Этот «удар справа» имел свое продолжение, не столько богословско-морализующее, сколько политическое. В 1828 году Вольфганг Менцель обнародовал свою тенденциозную «Историю немецкой литературы». В ней ему удалось совместить свои реакционнейшие воззрения с устремлениями младших поколений немцев, осознавших — кто смутно, кто более четко — необходимость непосредственного участия в общем течении жизни, ибо без личного вмешательства каждого ничего не изменится в отсталой, раздробленной на множество самоправных государств Германия. Менцель (на свой аршин реакционного романтика) тоже помышлял о практике, политике и воспитании народа. Но как далеки были его мечты от революционного преображения отечества, нетрудно усмотреть уже из задач, которые он возлагал на немецкую литературу. Она-де должна проникнуть в исконную духовную стать немецкого народа, его национальную самобытность, уяснить себе таящуюся в немцах приверженность к «чудесному» и воспевать ее. А эта-то вера в «чудесное, идеальное» утрачена новейшей немецкой литературой, и прежде всего Гёте, ее «корифеем, идолом, исчадием нашего времени». Под «чудесным началом, таящимся в немецком народе», Менцель заодно понимал и «чудесное предназначение Германии», разделяя эту мечту с многими представителями немецкого бюргерства, грезившими о «величии и бранных подвигах» немецкого народа.

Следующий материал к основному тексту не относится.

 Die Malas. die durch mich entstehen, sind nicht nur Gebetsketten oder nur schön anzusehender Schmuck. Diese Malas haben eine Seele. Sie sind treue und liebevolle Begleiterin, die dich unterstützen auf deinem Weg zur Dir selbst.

К сторонникам внедрения именно такого рода «национального сознания» в души немецкого народа обращены гневные строки Гёте, которыми он откликнулся в 1814 году на шовинистический угар, охвативший значительную часть немецкого общества:
До какой только вульгарной брани не договаривался Менцель, этот «истинный германец»! Он сравнивал Гёте с «пробкой, всегда плывущей на поверхности потока» преходящих вкусов публики, и Утверждал, что он то и дело менял свои роли, подобно профессиональному актеру, что все его герои «любострастные Дон-Жуаны, Только что сентиментальные», а сам Гёте «не более, как тщеславный модник». «Все, что им создано, написано лишь для показа своей виртуозности, и «Фауст» достойно венчает его «поэзию эгоизма».

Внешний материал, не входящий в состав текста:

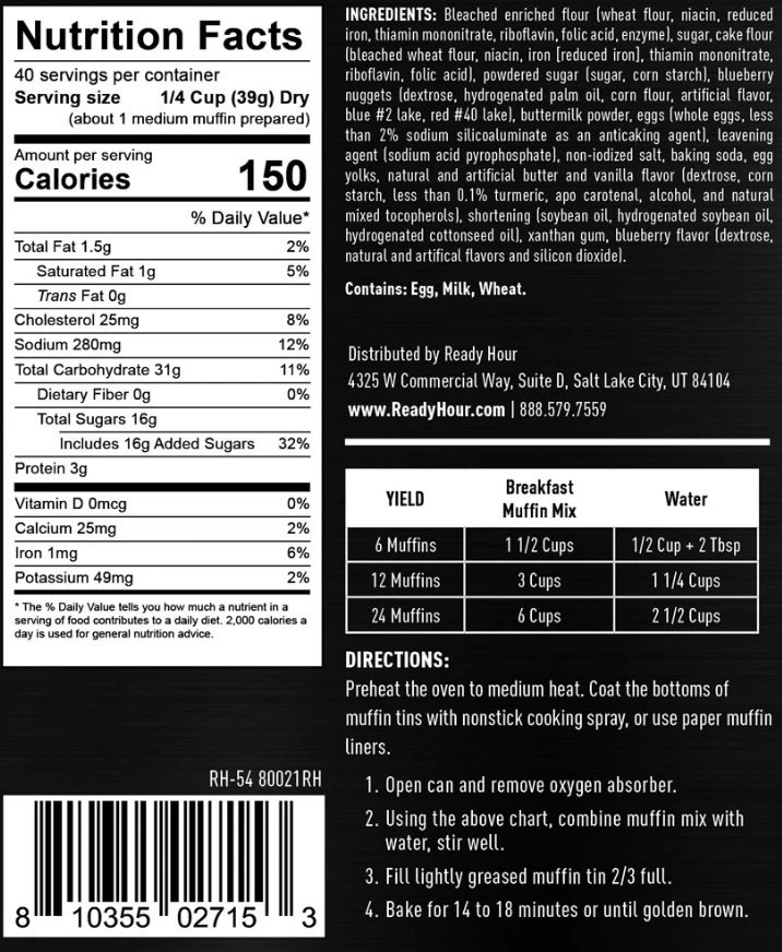 - Ready Hour Breakfast Muffins lasts up to 10 years unopened, and one year once it is open.

Представители литературной группы «Молодая Германия» и тем более левые гегельянцы резко отмежевались от непристойных выпадов Менцеля против великого поэта. Но легенда об «олимпийском равнодушии» Гёте получила прочное распространение среди мелкотравчатой немецкой «радикальной» буржуазии и полуинтеллигенции. В последнем письме, написанном поэтом за несколько дней до его кончины (оно адресовано Вильгельму фон Гумбольдту), Гёте сообщает о завершении второй части «Фауста». Ему, конечно, хотелось бы послать свой многолетний труд многим друзьям, «рассеянным по всему миру». «Но, — так заключает он свое предсмертное письмо, — право же, наши дни так нелепы и сумбурны, и мне часто приходится убеждаться, что мои честные давнишние усилия над построением этого здания плохо вознаграждаются и лежат ка берегу как обломки погибших кораблей, засыпаемые гравием времени».